Genetic diversity analysis in Malaysian giant prawns using expressed sequence tag microsatellite markers for stock improvement program
Accepted: November 30, -0001
Published: August 17, 2017
Genet.Mol.Res. 16(3): gmr16035685
The Malaysian giant prawn is among the most commonly cultured species of the genus Macrobrachium. Stocks of giant prawns from four rivers in Peninsular Malaysia have been used for aquaculture over the past 25 years, which has led to repeated harvesting, restocking, and transplantation between rivers. Consequently, a stock improvement program is now important to avoid the depletion of wild stocks and the loss of genetic diversity.
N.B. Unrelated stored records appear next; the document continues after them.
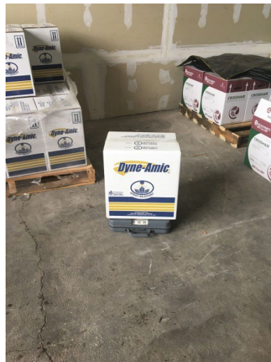
Case of Herbicide- 40 lbs. Case Handle at 13 inches
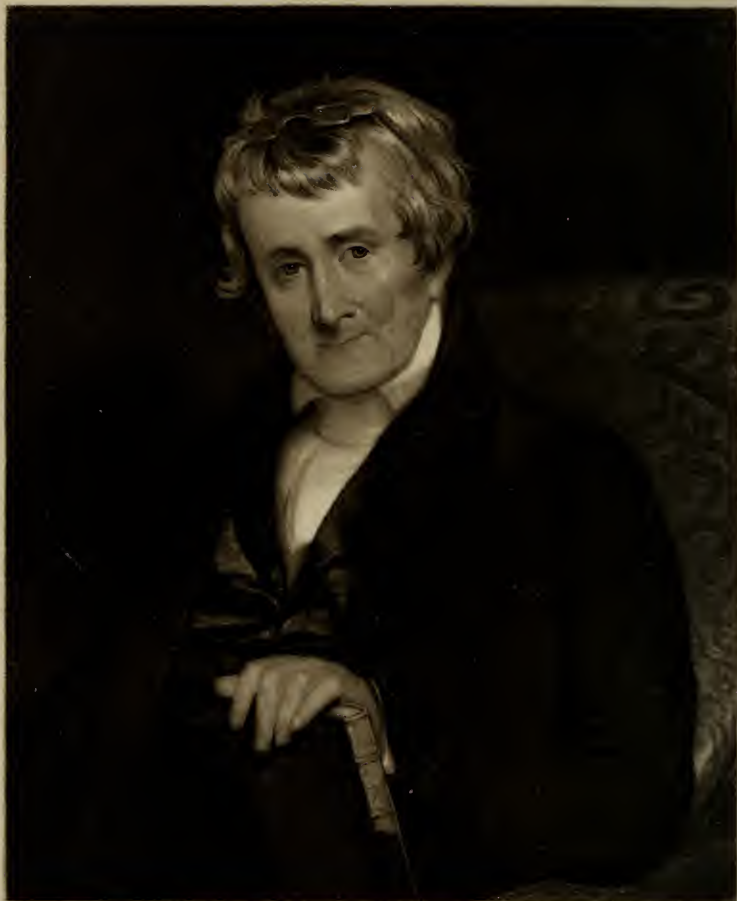
ALLEXANDER — THE GREAT
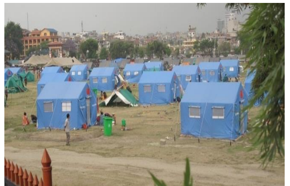
Relief tents at public ground, Kathmandu
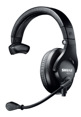
BRH441M Single-Sided Broadcast
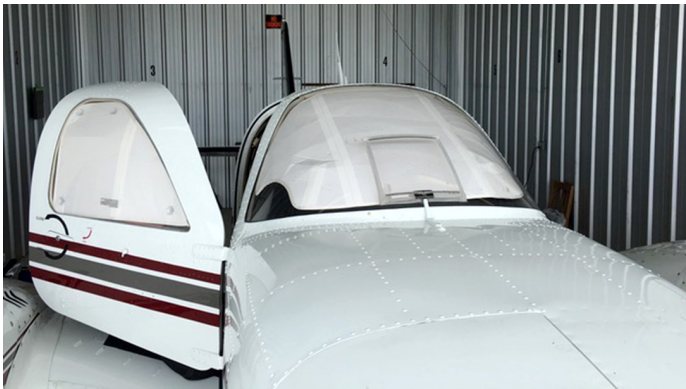
Beech Baron 58P Cockpit Heatshield Set
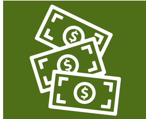
Cash or Check
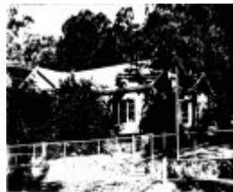
95 - Hurstbridge Police Station Lock Up Residence_04 - Shire of Eltham Heritage Study 1992
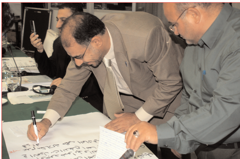
Finalising the workshop flipchart during the Graphical seminar in Amman
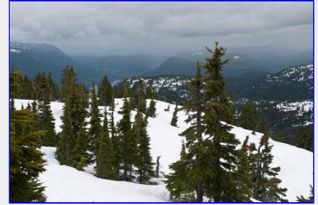
Looking south to Comox Lake and Alone Mountain
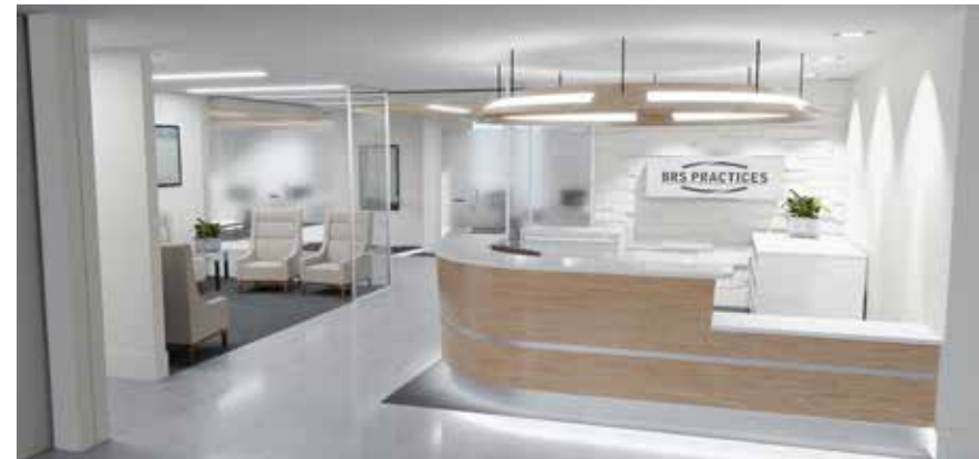
Images are artist conceptual renderings. Features, dimension, & specs are subject to change without notice.
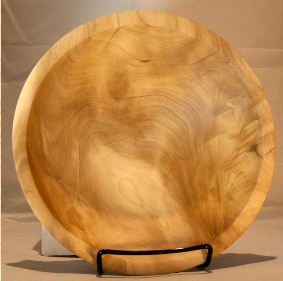
Tim Aley - Bowl, Gum from the Fairgrounds 8 1/2" d x 2 1/4"
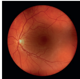
View of a retina through a cataract with visionBOOST**

Up to now, when the front of the eye was clouded by media opacities, such as a cataract, the retina could not be viewed or only to a limited extent.

However, the success of such an improvement program depends on our knowledge of the genetic variation of these base populations. The aim of the current study was to estimate genetic variation and differentiation of these riverine sources using novel expressed sequence tag-microsatellite (EST-SSR) markers, which not only are informative on genetic diversity but also provide information on immune and metabolic traits. Our findings indicated that the tested stocks have inbreeding depression due to a significant deficiency in heterozygotes, and FIS was estimated as 0.15538 to 0.31938. An F-statistics analysis suggested that the stocks are composed of one large panmictic population. Among the four locations, stocks from Johor, in the southern region of the peninsular, showed higher allelic and genetic diversity than the other stocks. To overcome inbreeding problems, the Johor population could be used as a base population in a stock improvement program by crossing to the other populations. The study demonstrated that EST-SSR markers can be incorporated in future marker assisted breeding to aid the proper management of the stocks by breeders and stakeholders in Malaysia.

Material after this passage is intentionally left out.